## About this exercise
Your task is to output the listing word for word, with pictures excluded.

## Data excerpt
- - - - - - -
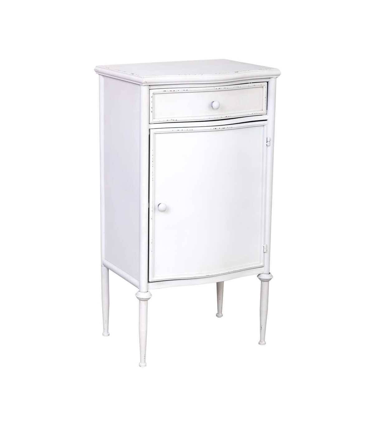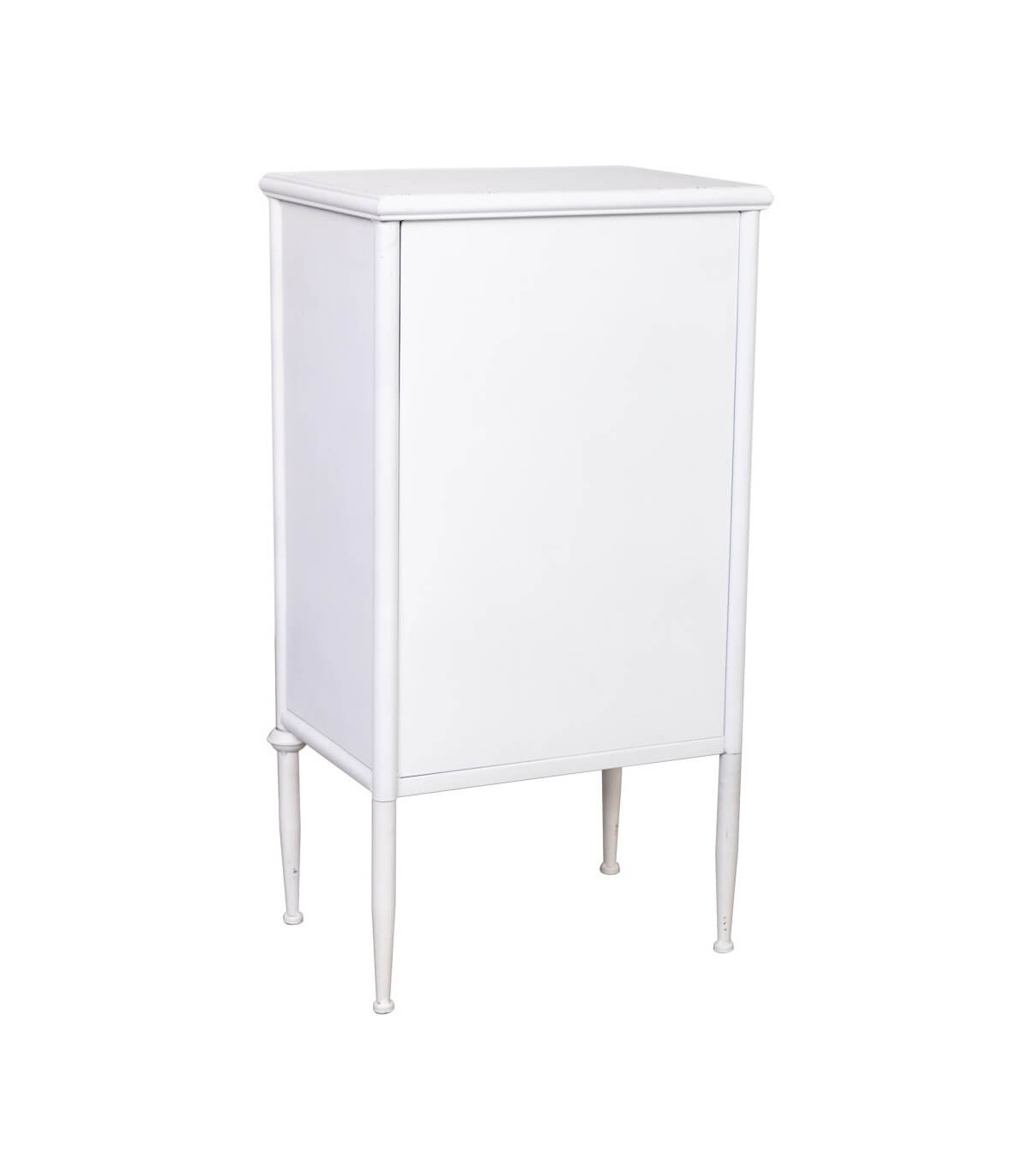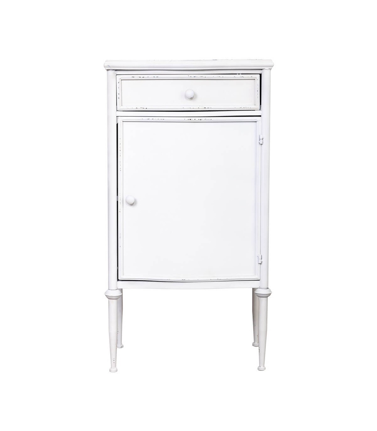 El encanto del metal envejecido y el blanco rozado se funden en una pieza que desprende calma y elegancia atemporal. Su diseño alto combina un cajón y una puerta que aportan equilibrio entre funcionalidad y presencia estética.
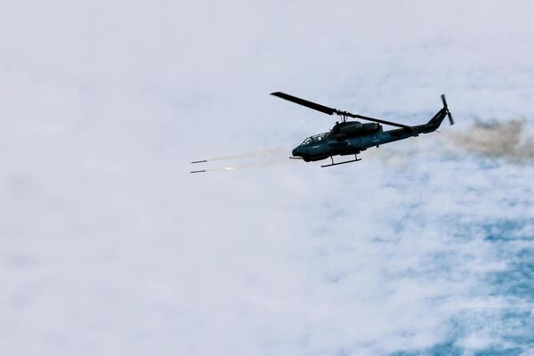 陸軍航空特戰指揮部28日於屏東恆春地區實施「114-4號空用武器基礎射擊」,由AH-1W攻擊直升機、UH-60M黑鷹直升機進行實彈射擊,朝目標發射2.75吋海神火箭及20公厘機砲,精準命中靶區,展現陸航優異戰訓成果。
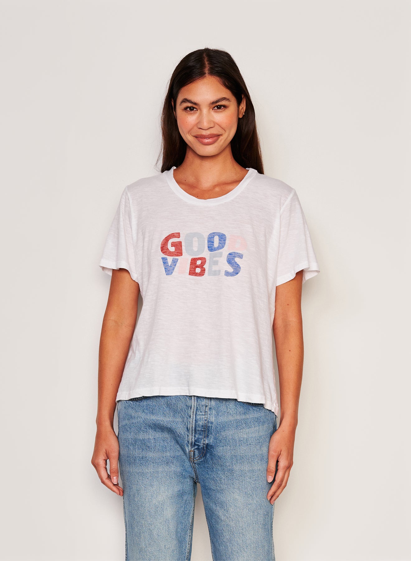 Soft Supima slub tee with rolled short sleeves, crew neck and graphic detail.
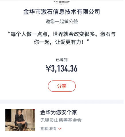 金華市愛(ài)一起公益協(xié)會(huì)在2016年4月份由11位發(fā)起人注冊(cè)登記,也是金華市2016年以來(lái)***家直接注冊(cè)登記的公益社會(huì)組織,協(xié)會(huì)一直致力于農(nóng)村孤寡老人的關(guān)愛(ài)項(xiàng)目,今年的9月9日騰訊公益日,金華愛(ài)一起協(xié)會(huì)再一次發(fā)起“金華為您安個(gè)家”項(xiàng)目的捐款,金華市激石信息技術(shù)有限公司,助力項(xiàng)目的捐款行動(dòng),***時(shí)間進(jìn)行項(xiàng)目的的號(hào)召與呼吁,螢火蟲(chóng)愛(ài)心社捐出3000元,有一些小伙伴另外又單獨(dú)進(jìn)行了愛(ài)心支持。
- - - - - - -
## Final answer
 El encanto del metal envejecido y el blanco rozado se funden en una pieza que desprende calma y elegancia atemporal. Su diseño alto combina un cajón y una puerta que aportan equilibrio entre funcionalidad y presencia estética.
 陸軍航空特戰指揮部28日於屏東恆春地區實施「114-4號空用武器基礎射擊」,由AH-1W攻擊直升機、UH-60M黑鷹直升機進行實彈射擊,朝目標發射2.75吋海神火箭及20公厘機砲,精準命中靶區,展現陸航優異戰訓成果。
 Soft Supima slub tee with rolled short sleeves, crew neck and graphic detail.
 金華市愛(ài)一起公益協(xié)會(huì)在2016年4月份由11位發(fā)起人注冊(cè)登記,也是金華市2016年以來(lái)***家直接注冊(cè)登記的公益社會(huì)組織,協(xié)會(huì)一直致力于農(nóng)村孤寡老人的關(guān)愛(ài)項(xiàng)目,今年的9月9日騰訊公益日,金華愛(ài)一起協(xié)會(huì)再一次發(fā)起“金華為您安個(gè)家”項(xiàng)目的捐款,金華市激石信息技術(shù)有限公司,助力項(xiàng)目的捐款行動(dòng),***時(shí)間進(jìn)行項(xiàng)目的的號(hào)召與呼吁,螢火蟲(chóng)愛(ài)心社捐出3000元,有一些小伙伴另外又單獨(dú)進(jìn)行了愛(ài)心支持。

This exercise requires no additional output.